MetaSUB’s teams started swabbing for SARS-CoV-2 almost two months ago in pilot cities around the world. Those cities are Baltimore, Bangkok, Berlin, Buenos Aires, Daegu, Hong Kong, Kolkata, Warsaw, London, New York City, Oslo, Sao Paulo, Seattle, Singapore, Tokyo and Kanagawa-Prefecture, Washington, DC, and Zurich. The pilot included 1632 samples but they anticipate thousands of samples coming in over the next few weeks—projecting over 10,000 swab samples in the project, representing 59 cities, in 25 countries, on six continents.

So, is SARS-CoV-2 in the NYC subway? According to Mason, no. At least, they have not found any signs of it yet. However, they have only been swabbing since March 16th and have collected a small number of samples, with numbers ramping up quickly.

Subway swabbing

How does someone swab the NYC subway? In order to obtain the RNA samples, an Isohelix buccal swab is used to collect the sample, which is then stored in Zymo’s DNA/RNA shield to protect the RNA from degradation.

Like the clinical samples that are being processed at Cornell Weill Medical School, the subway samples go through six assays which can take anywhere from 20–30 minutes to up to three days. Mason attributes the large number of assays to the idea that this is (hopefully) a once in a century pandemic, and there is a lot to be learned from these samples. In turn, they are doing everything they can to “aliquot and preserve as much of the RNA from the sample and gain as much information as possible.”

A portion of the RNA (10 ng) goes into the standard qRT-PCR assay that is being widely used to detect the presence of the viral RNA. The RNA also goes into various different methods to sequence the viral genome, including PolyA RNA-seq (capturing of RNAs with polyA tails), Ribodepletion RNA-seq (removal of ribosomal RNAs), and MeRIP-Seq (which maps m6A-methylated RNA)—all of which are various methods to perform next-generation cDNA sequencing.

Direct RNA sequencing using Oxford Nanopore’s MinION is also performed.
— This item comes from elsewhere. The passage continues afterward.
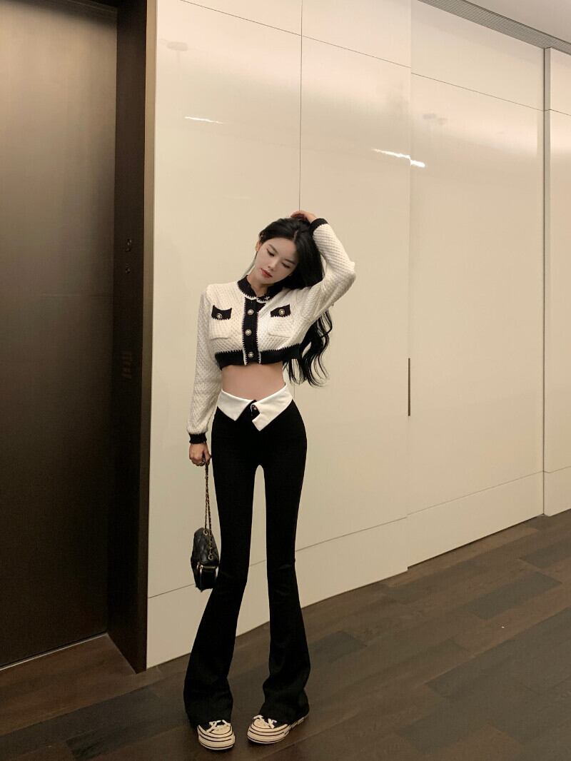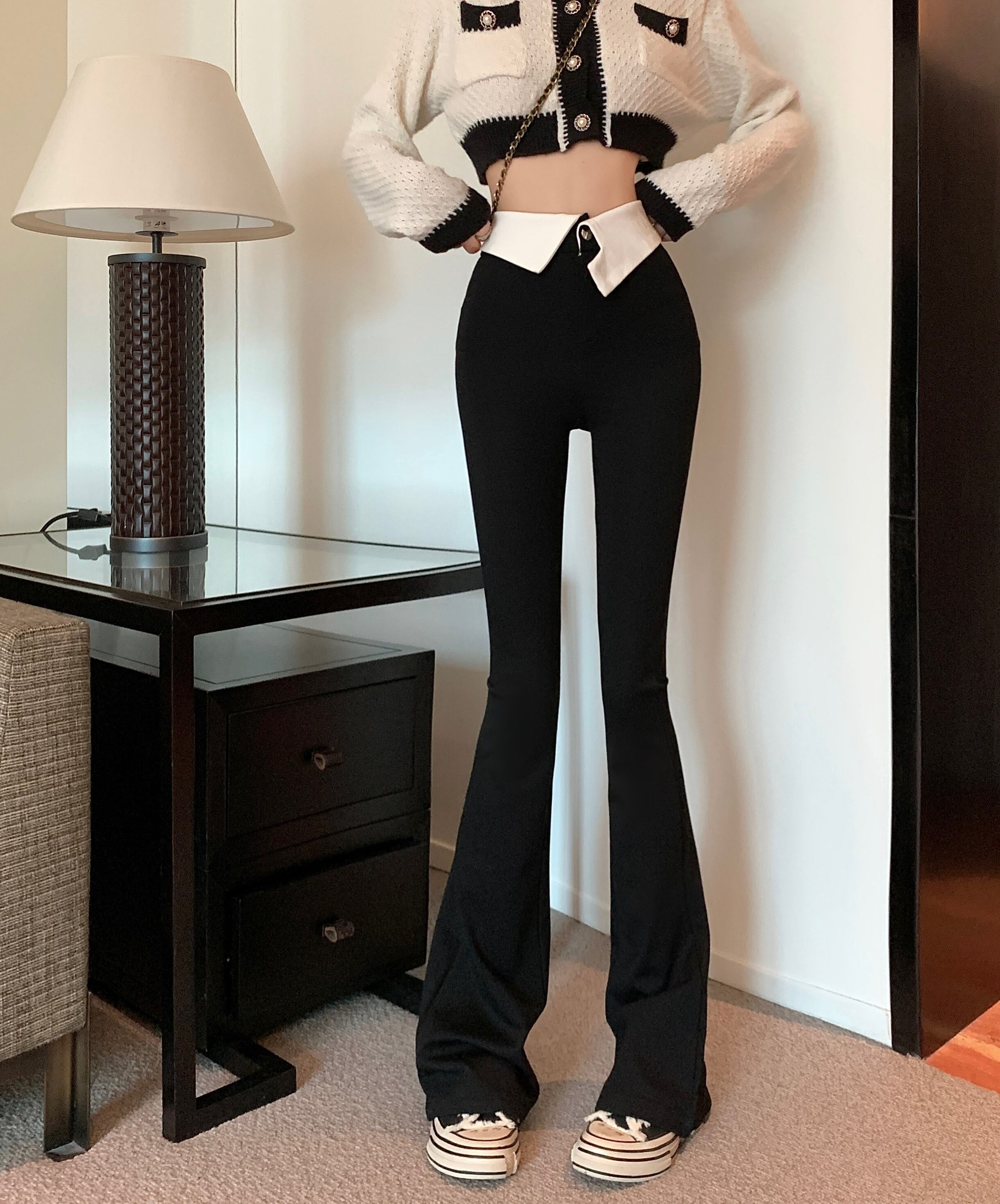 ウエスト黒フレアパンツ女性ワイド脚スリムレトロ Pantalones 春秋のズボンの服 ブラック スプリング 春物 オータム 秋物 ワイドレッグ ワイドパンツ asa77396423455

In order to do this, 500 ng (a lot) of polyadenylated RNA is required. The SARS-CoV-2 RNA genome, luckily, has a 33 nucleotide poly-A tail, so it can be sequenced directly.

The Loop-mediated isothermal amplification (LAMP) assay, a colorimetric assay that works in 30 minutes to test for the presence of the virus, is also performed on the samples. First published by a Japanese group in 2014, and commercialized by New England Biolabs, Mason asserts that this very quick and easy to read test may allow them to set up quick testing pop-up labs to test people quickly, easily, and rapidly. For these assays, the viral RNA positive control is provided by the DNA writing company Twist Biosciences.

The sequencing data is uploaded into GISAID (Global Initiative on Sharing All Influenza Data) which is a public–private partnership that provides public access to the genetic sequence data of influenza viruses and other viruses, including SARS-CoV-2.

So, what RNA is strap-hanging under the streets of NYC? The team found 10% human RNA and 1–2% viral RNA—including the genome of influenza virus. The other 88% are of unknown origin. That large number is “not as crazy as it sounds,” Mason explains. The data are from only a handful of samples and many DNA sampling studies routinely see unknown percentages in the range of 50–70%.

Thinking beyond this pandemic, into a post-pandemic world, could this type of environmental sampling potentially lead to a partitioning of our spaces into “green zones,” which would be safe for people to enter, and “red zones” where there is still a risk of infection? Or, a scenario where, in order to board a plane, surveillance would take place and testing would be required for boarding?

Up until this point, Mason noted, the cost of doing routine environmental surveillance has been too high for this idea to enter into a realistic conversation. But the current cost may make it possible. And, he follows, the cost of not doing it—as evidenced by the current pandemic—is probably far worse.